Evaluate: `int(cos2xsin4x dx)/(cos^4x(1+cos^2 2x)`

To evaluate the integral \[ I = \int \frac{\cos 2x \sin 4x \, dx}{\cos^4 x (1 + \cos^2 2x)} \] we will follow these steps: ### Step 1: Rewrite \(\sin 4x\) We can use the identity \(\sin 4x = 2 \sin 2x \cos 2x\). Thus, we rewrite the integral: \[ I = \int \frac{\cos 2x (2 \sin 2x \cos 2x) \, dx}{\cos^4 x (1 + \cos^2 2x)} = 2 \int \frac{\cos^2 2x \sin 2x \, dx}{\cos^4 x (1 + \cos^2 2x)} \] ### Step 2: Substitute \(\cos 2x\) Let \(t = \cos 2x\).
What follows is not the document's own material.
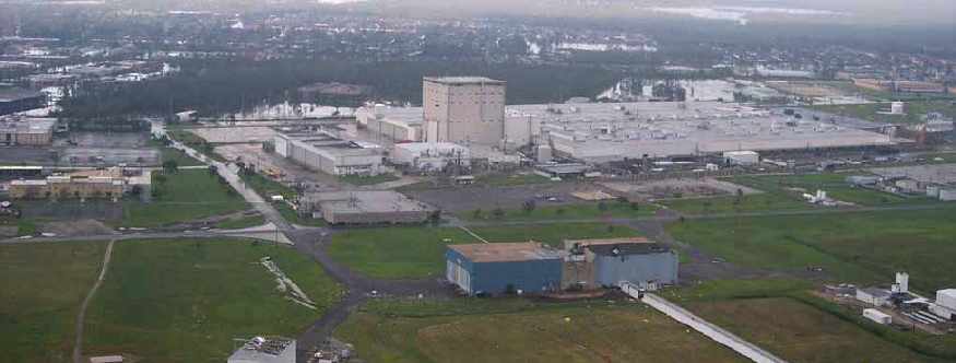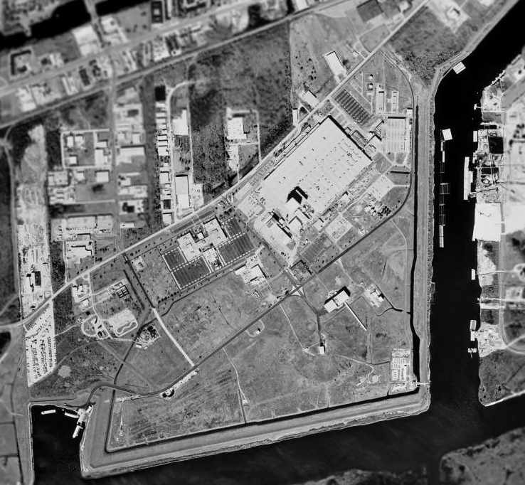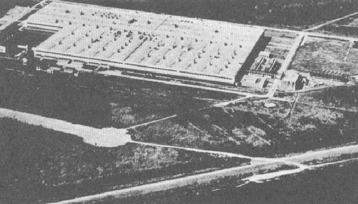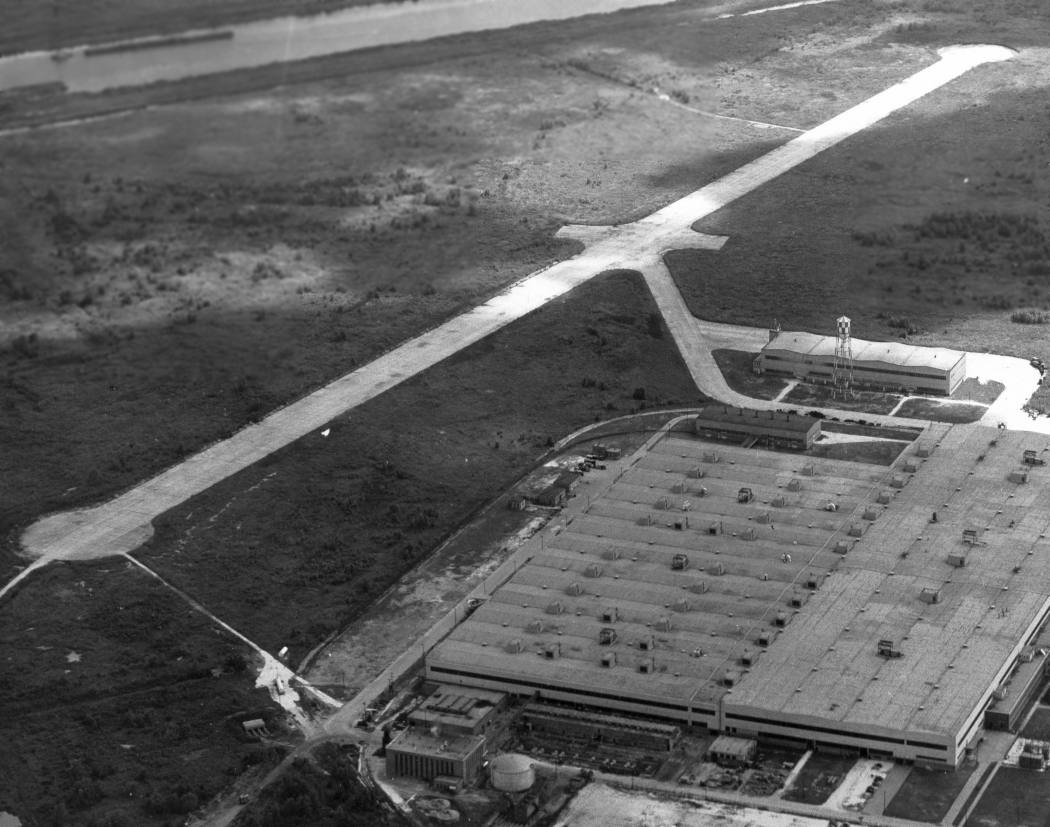 A circa 1940s aerial view looking southwest at the Michoud factory airfield, with the factory in the foreground (courtesy of Carl Hennigan).

Then, we differentiate \(t\): \[ dt = -2 \sin 2x \, dx \quad \Rightarrow \quad \sin 2x \, dx = -\frac{1}{2} dt \] Substituting this into the integral gives: \[ I = 2 \int \frac{t^2 \left(-\frac{1}{2} dt\right)}{\cos^4 x (1 + t^2)} = -\int \frac{t^2 \, dt}{\cos^4 x (1 + t^2)} \] ### Step 3: Rewrite \(\cos^4 x\) Using the identity \(\cos^2 x = \frac{1 + \cos 2x}{2}\), we have: \[ \cos^4 x = \left(\frac{1 + \cos 2x}{2}\right)^2 = \frac{(1 + t)^2}{4} \] Thus, we can rewrite the integral as: \[ I = -\int \frac{t^2 \, dt}{\frac{(1 + t)^2}{4} (1 + t^2)} = -4 \int \frac{t^2 \, dt}{(1 + t)^2 (1 + t^2)} \] ### Step 4: Partial Fraction Decomposition We need to perform partial fraction decomposition on: \[ \frac{t^2}{(1 + t)^2 (1 + t^2)} \] Assuming: \[ \frac{t^2}{(1 + t)^2 (1 + t^2)} = \frac{A}{1 + t} + \frac{B}{(1 + t)^2} + \frac{Ct + D}{1 + t^2} \] Multiplying through by the denominator \((1 + t)^2 (1 + t^2)\) and equating coefficients will allow us to solve for \(A\), \(B\), \(C\), and \(D\). ### Step 5: Integrate Each Term Once we have the coefficients, we can integrate each term separately. The integrals will involve: 1. \(\int \frac{1}{1 + t} dt\) 2. \(\int \frac{1}{(1 + t)^2} dt\) 3. \(\int \frac{t}{1 + t^2} dt\) ### Step 6: Back Substitute After integrating, we will substitute back \(t = \cos 2x\) to express the final result in terms of \(x\). ### Final Result The final expression will be: \[ I = -4 \left( \text{integrated terms} \right) + C \] where \(C\) is the constant of integration.